Pour lui, Manuel Valls "a raison : il faut, de toute urgence, changer le nom" du PS. Le député de l'Essonne "fait partie, comme (Ségolène) Royal, comme (Dominique) Strauss-Kahn, comme d'autres, de ceux qui peuvent être à l'origine du big bang et reconstruire sur les ruines".
"Le PS va mourir ? Non. Il est mort. Personne, ou presque, n'ose le dire. Mais tout le monde, ou presque, le sait", martèle-t-il. "J'ai rarement vu des politiques mettre autant d'énergie à s'autodétruire. Si ça ne concernait qu'eux, ce ne serait pas trop grave. Mais il s'agit de l'alternative à Nicolas Sarkozy, de l'espérance des gens", rappelle l'auteur de "Ce grand cadavre à la renverse" en 2007.

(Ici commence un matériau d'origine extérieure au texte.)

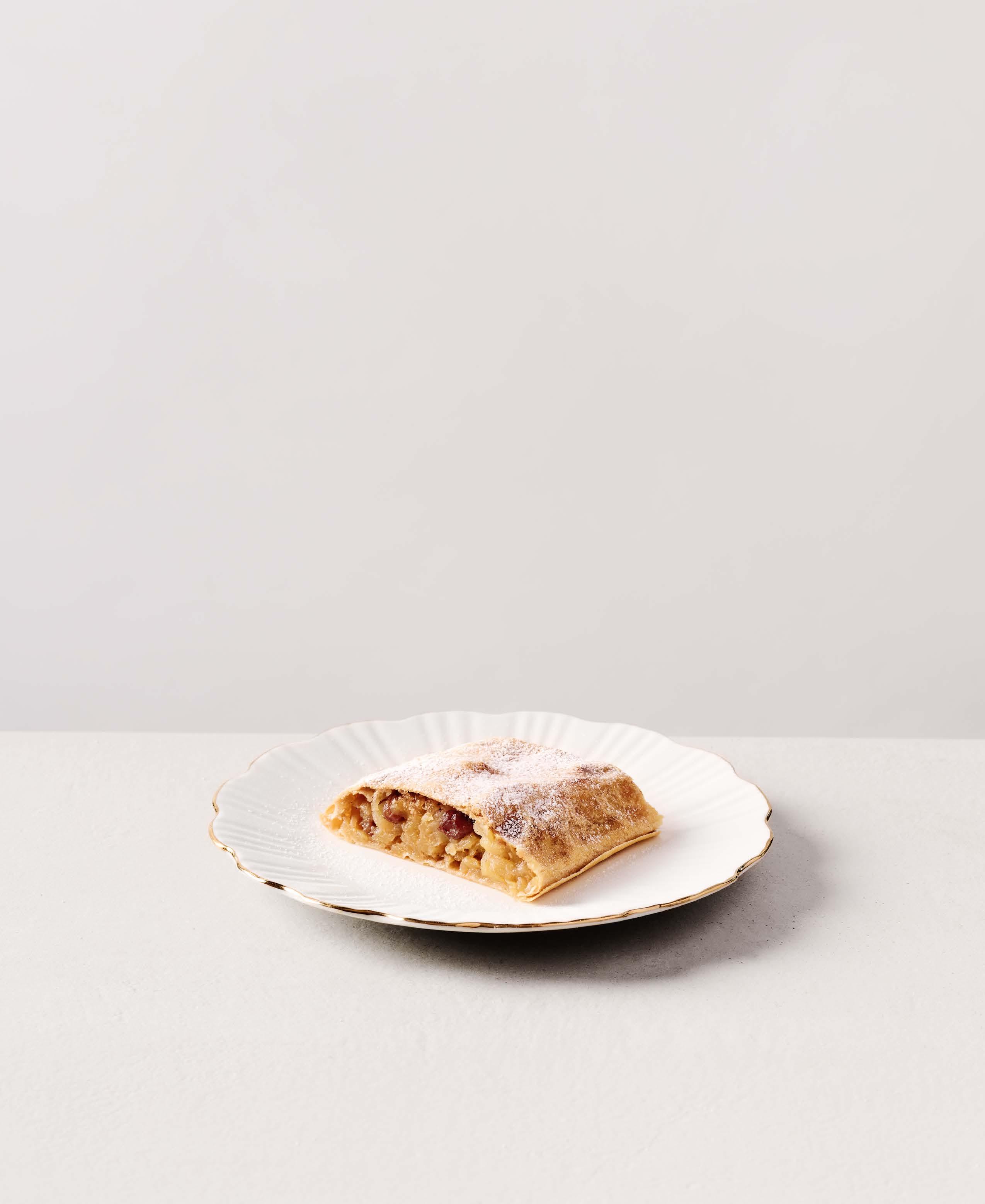Herbstzeit ist Apfelzeit. Und weil’s schon etwas kälter wird, zieht sich der Apfel warm an: Zusammen mit Zimt, Zucker und Rosinen hüllt er sich in zarten Strudelteig, der bei uns jeden Tag von Hand gezogen wird. Klassisch aus Mehl, Wasser, Öl und etwas Salz gemacht, schmeckt’s wie bei Oma.
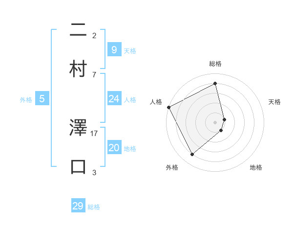 二村 澤口さんの総格は29画の4点!

Pour des primaires ouvertes


BHL estime que "sans des primaires à la française, sans une vaste consultation ouverte, populaire, jamais ne s'enclenchera le processus aboutissant à ce nouveau parti de gauche qui rompra avec la machine à perdre".
Il confie enfin avoir voté PS aux européennes du 7 juin "par habitude, sans y croire, et en ayant le sentiment qu'on essayait de réanimer un cadavre". "J'aurais pu voter pour Dany (Cohn-Bendit)", "mais il y avait cette alliance, que je trouvais contre-nature, avec l'antilibéral (José) Bové", explique-t-il.